Ravi Menon, managing director of the Monetary Authority of Singapore (MAS), was reported saying that its macroprudential measures will support monetary policy and financial supervisory policies to secure sustainable asset prices and financial stability.
He said the central bank faces several key challenges ahead when implementing policies.
Externally, these include a “wall of money” and low interest rates that could potentially set off asset market bubbles. These could in turn affect consumer price stability and financial stability.
Domestically, Singapore is also facing a “demographic cliff that will tighten labour markets” and potentially set off a wage-price spiral that could unhinge inflation expectations.
Recently, Mr Menon said the MAS had to step in to moderate price increases in the property and car markets.
It was concerned that a sharp rise in asset prices could have implications for both price stability and financial stability. Spikes in Certificate of Entitlement (COE) prices could also affect consumer price stability.
As a result of MAS’ measures, “property prices finally appear to be stabilising,” Mr Menon said, with price increases dipping below 2 per cent last quarter compared to the previous quarter. COE premiums for cars have dropped 25 per cent since MAS’ restrictions on car financing in February.

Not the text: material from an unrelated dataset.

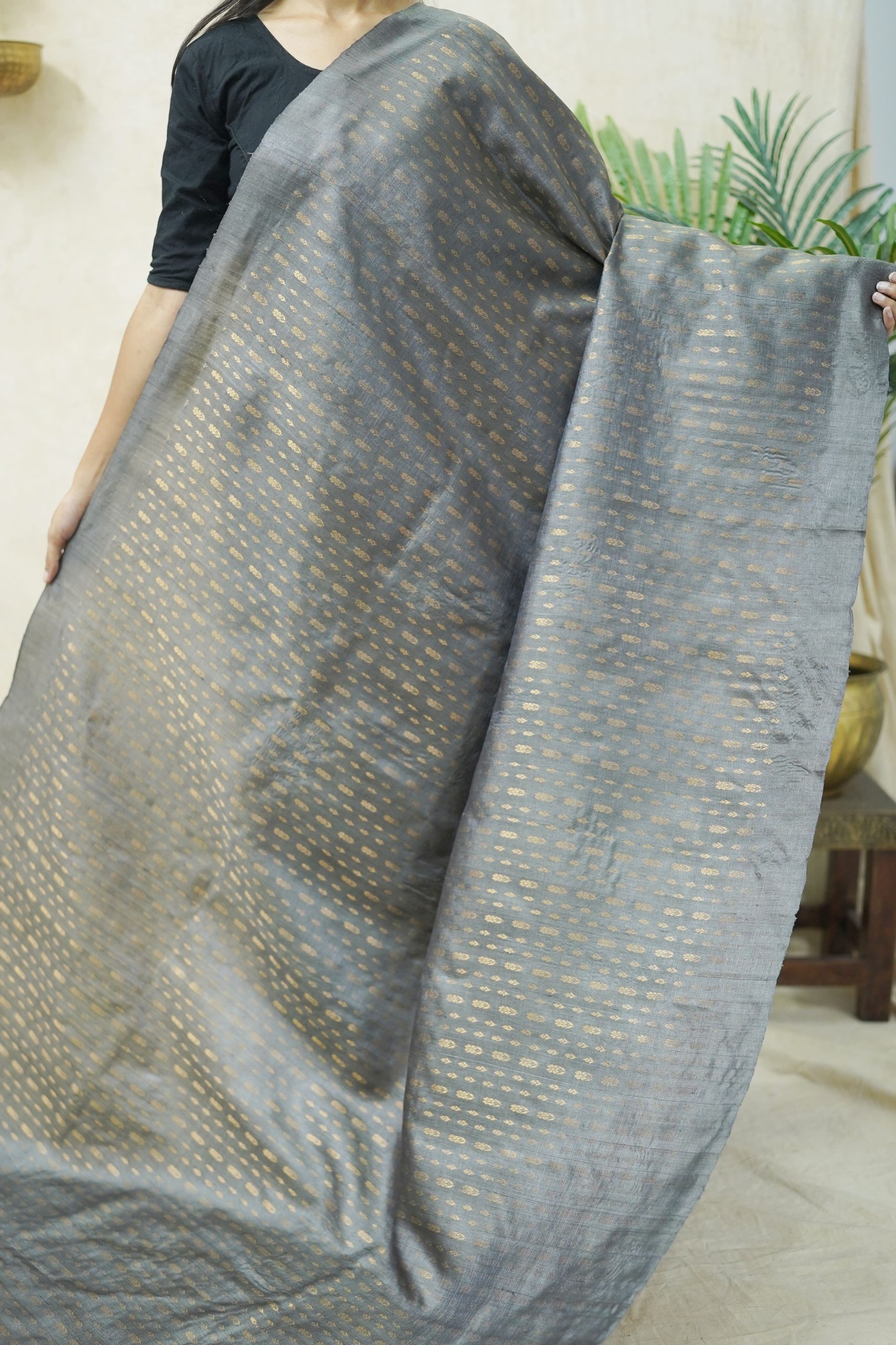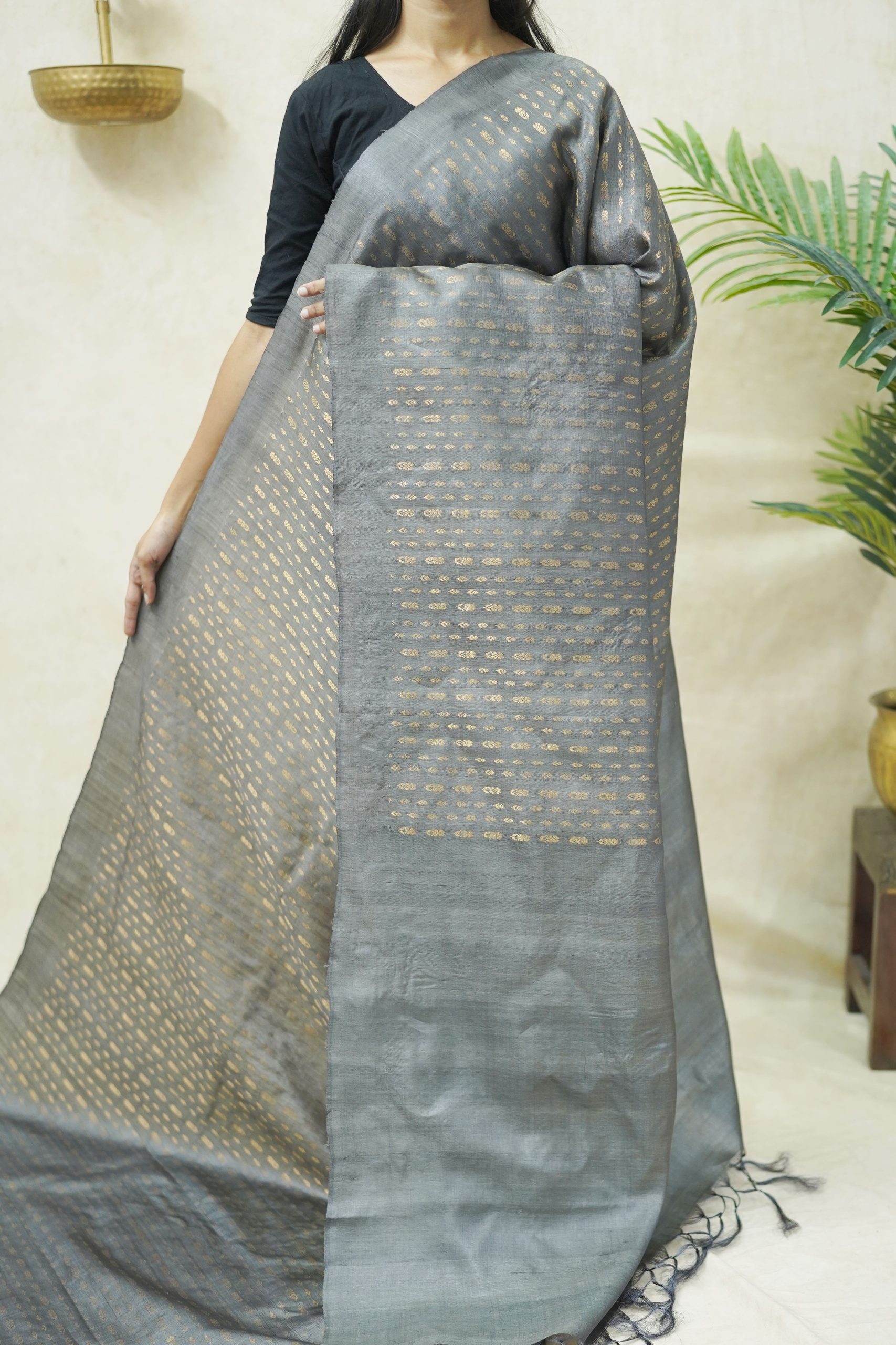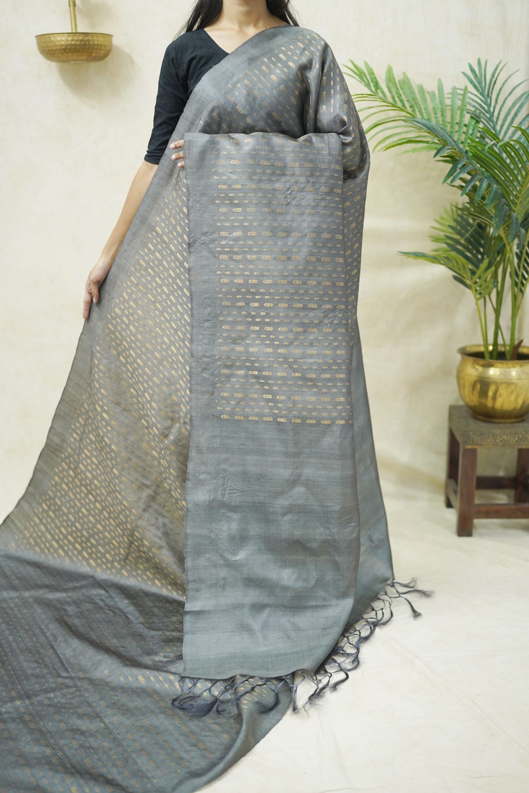 Immerse yourself in the regal charm of our grey handwoven Kosa silk saree from Chhattisgarh, adorned with a shimmering golden zari work across the body. Renowned for its natural sheen and refined elegance, this saree is a true reflection of Chhattisgarh’s rich weaving heritage. Perfect for special occasions, it embodies timeless sophistication and the unmatched artistry of traditional craftsmanship.

Meanwhile, Mr Menon said MAS’ exchange rate-centred monetary policy remains relevant and the central bank will continue to use the exchange rate as its monetary policy tool to keep inflation in check.
He said: “Singapore’s fundamentals remain sound. Fiscal prudence, financial discipline, minimising debt and living within our means will provide us policy space and buffer to weather whatever comes ahead. This is an advantage most countries do not have.”